Switch Examines Energy Resources and the Transition to Clean Energy

200403745-001The future of clean energy is explored in the 2012 documentary film, SWITCH, which was recently shown at a screening presented by the Dallas Electric Club at Southern Methodist University in Dallas. The film explores many energy hubs around the world to help viewers understand how energy is produced, how much each source is producing, the economics of energy production, and public opinion. From coal to solar and everything in between, the film puts all energy resources and production under a microscope. Director Harry Lynch told the audience that he and the film crew wanted to show a nonpartisan story on energy.

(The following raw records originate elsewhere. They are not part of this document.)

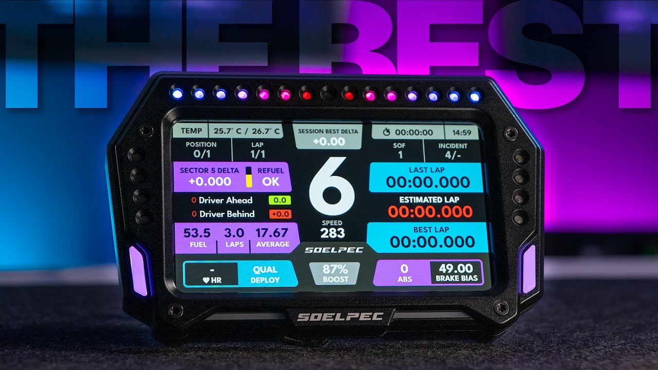 The Soelpec XR-5 Dashboard delivers a 5' 854×480 display, 15 shift lights, and 8 flag lights for high-end sim racing realism.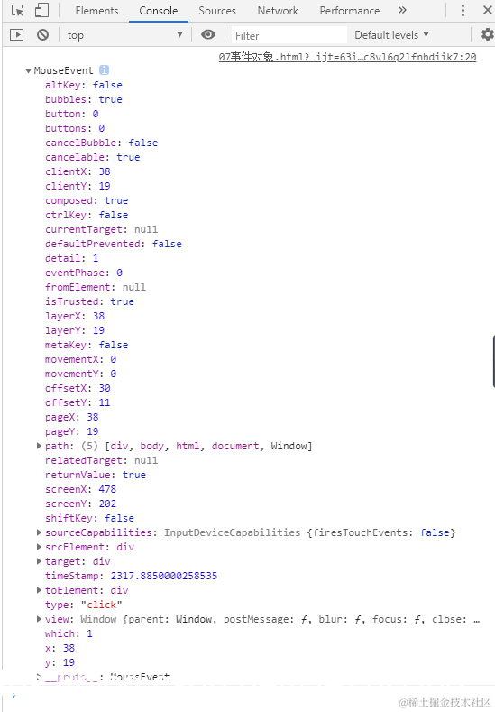 事件对象,也就相当于一个形参,是系统自动设置的,里面有很多的参数,这里截图展示下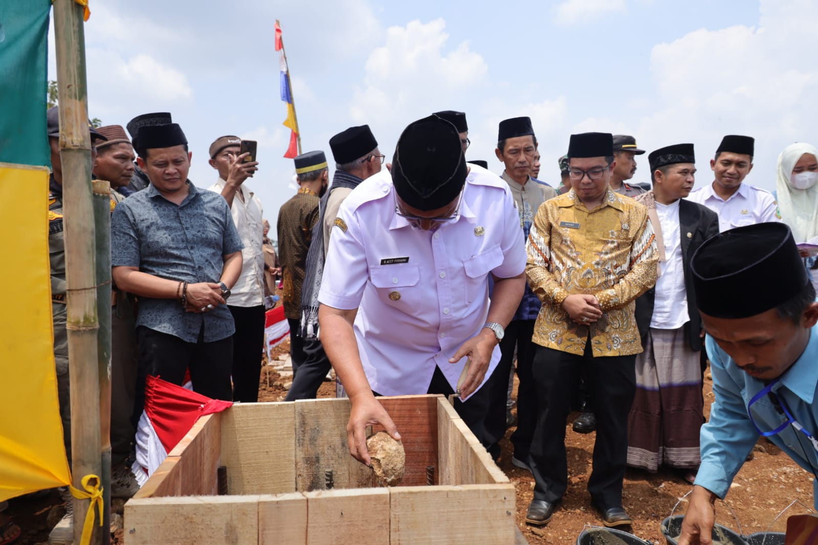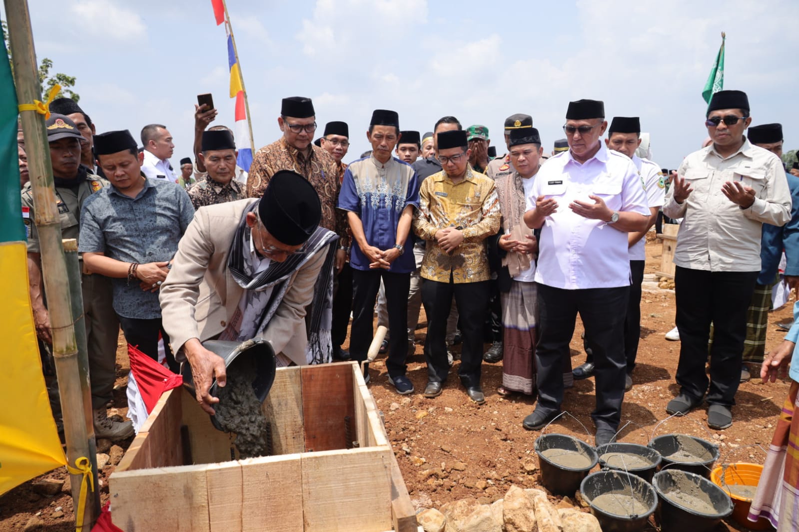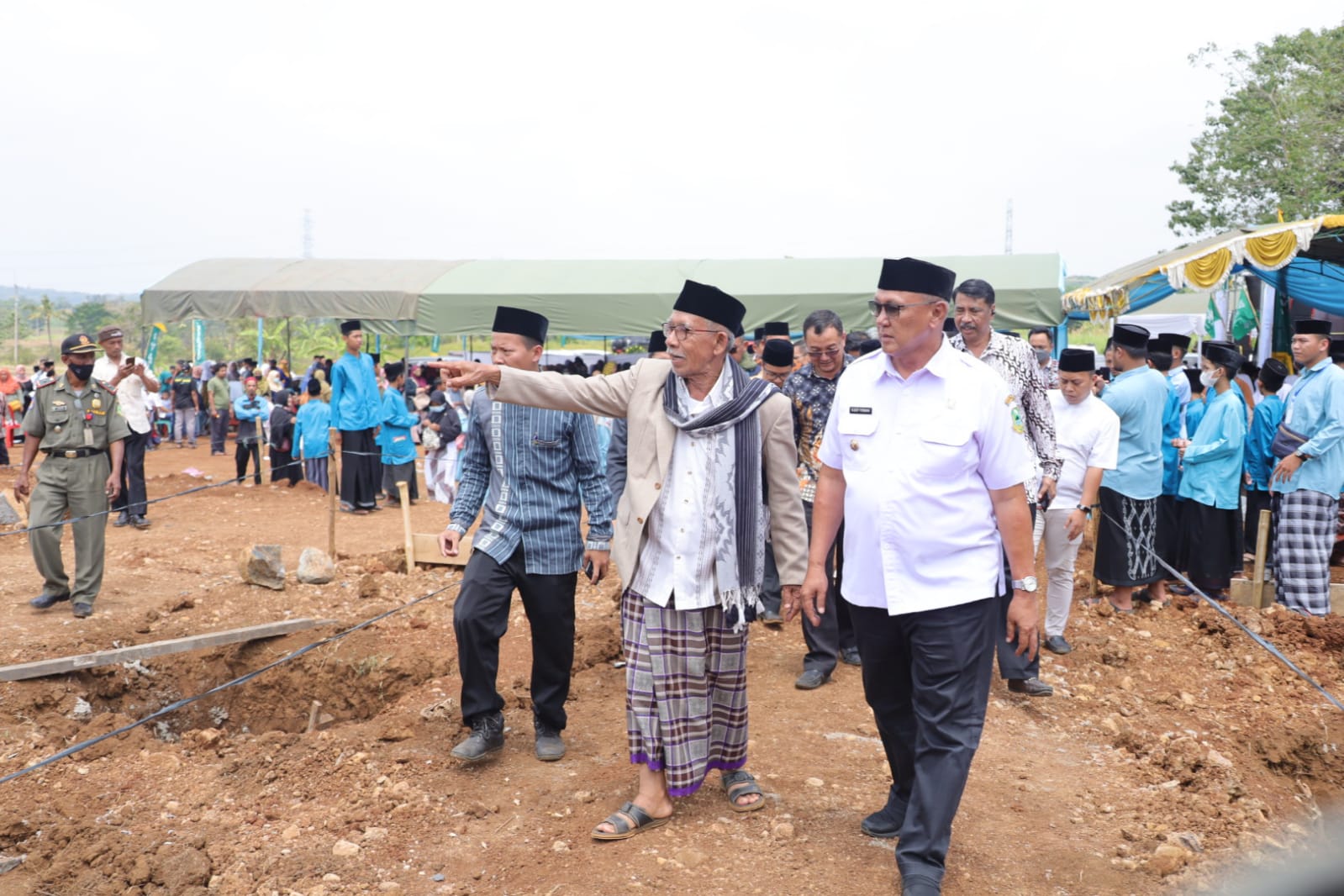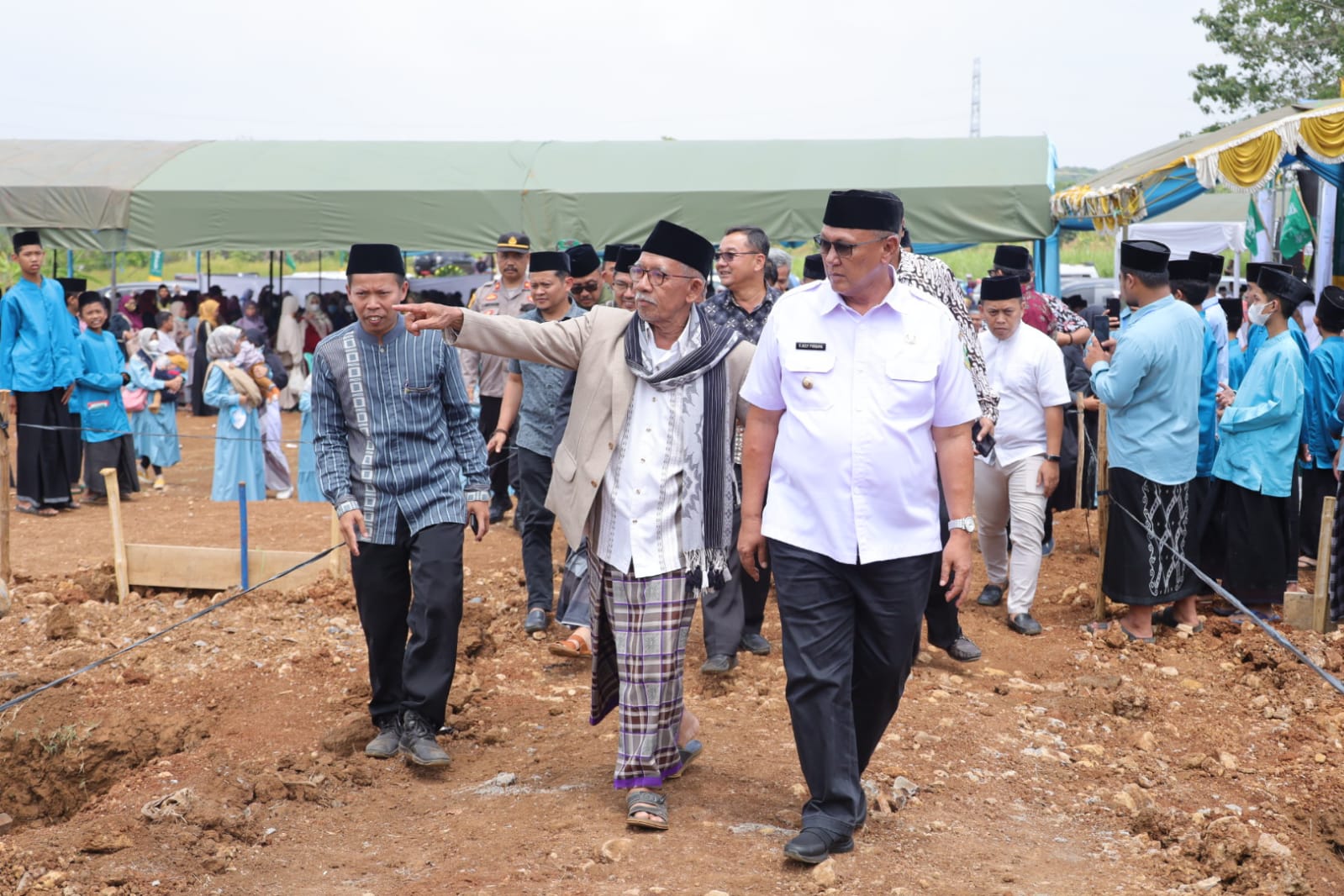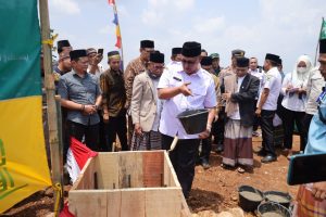 KUNINGAN, – Bupati Kuningan H. Acep Purnama SH.,MH bersama Pendiri dan Pengasuh PonPes Al-mutawally Drs KH Nunung Abdullah Dunun, meletakan Batu Pertama Pembangunan Masjid “Zainal ‘Abidin” Kampus II Pesantren Terpadu Kulliyatul Mu’allimin Al- Mutawally di Kampus II KMA Desa Patalagan Kecamatan Pancalang Kab. Kuningan, Rabu (7/9/2022).

Scott Tinker, an expert on global energy reserves, policy, and geoscience, serves as the film’s narrator. As Tinker prepares to visit various energy sources around the world, he explains that the average person uses 200,000 watt hours every year. Tinker uses the number of watt hours used by one person every year to measure the output and production of every energy source he visits. For example, Tinker visits Perdido in the Gulf of Mexico, the world’s deepest offshore oil drilling and production platform that produces enough energy from natural resources to meet the power needs of one million people per year while a wind farm with 4,000 windmills in Denmark can power 340,000 people per year.

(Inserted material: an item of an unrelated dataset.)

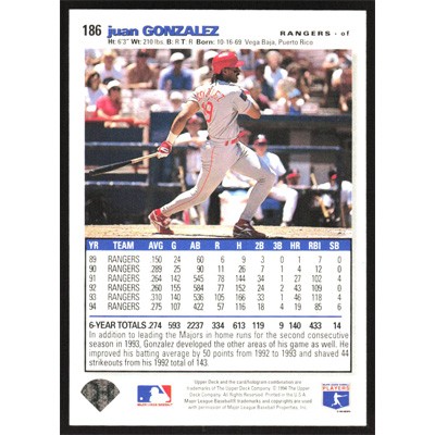 This is a 1995 Collector's Choice SE Juan Gonzalez baseball card. The card is #186 and pictures show condition.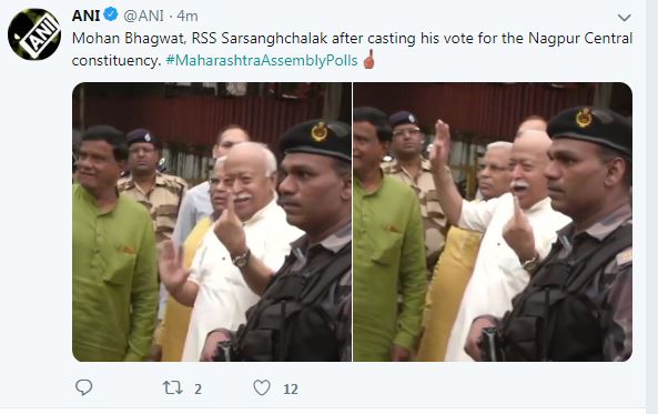 आरएएसएस के सर संघचालक मोहन भागवत ने आज नागपुर में सुबह-सुबह अपना वोट डाला। नागपुर के महल क्षेत्र के एक मतदान केंद्र पर उन्होंने अपने मताधिकार का इस्तेमाल किया।

The film helps viewers understand that energy extraction from every source doesn’t come without its challenges and tradeoffs. There are costs to every energy source and the challenge is creating clean energy at a cost that is acceptable to the public. The film asserts that the goal for our species moving forward is to produce clean energy at a reasonable cost.

Astonishing technological advances have been made over the years, moving us closer to our clean energy goal. But the current technology and methods of capturing, storing, and using this clean energy are often too expensive to be embraced globally. For instance, we have the knowledge and capabilities to capture and store carbon dioxide emitted by coal-fired power plants to produce “clean coal,” but doing so on a large scale requires more funding money and the resources to capture the carbon dioxide.

Energy transportation is viewed as another major issue contributing to the high cost of clean energy. How do we transport the energy from its source, and at what cost? And it isn’t just financial questions that are raised. Are we willing to erect potentially unsightly windmills in major metropolitan areas to power every home, or can power lines be used on 100-year old family farm to transfer energy across cities?

The film reaches a close as Tinker begins to subtract from his 200,000 watt hours of energy use per year by installing energy efficient lights and insulation in his home. Not surprisingly, we rely extensively on “dirty energy” such as coal and fossil fuels; the cheapest energy is the dirtiest energy. The transition to clean energy can be made, but the film tells us it will likely require the use of natural gas and nuclear energy in combination with renewable energy, a crossover of foundational energy and the energy of the future.

But before we can begin to make the transition, the film urges society to start changing its energy behavior and the way energy is viewed.  Changing society’s energy behavior is the most important part of the future of energy. Not everyone needs to install solar panels on their homes to provide them with electricity, but seeing homes with solar panels will get people to consider conservation in a different light.  Focusing on energy efficiency is the first step toward meeting our energy goals.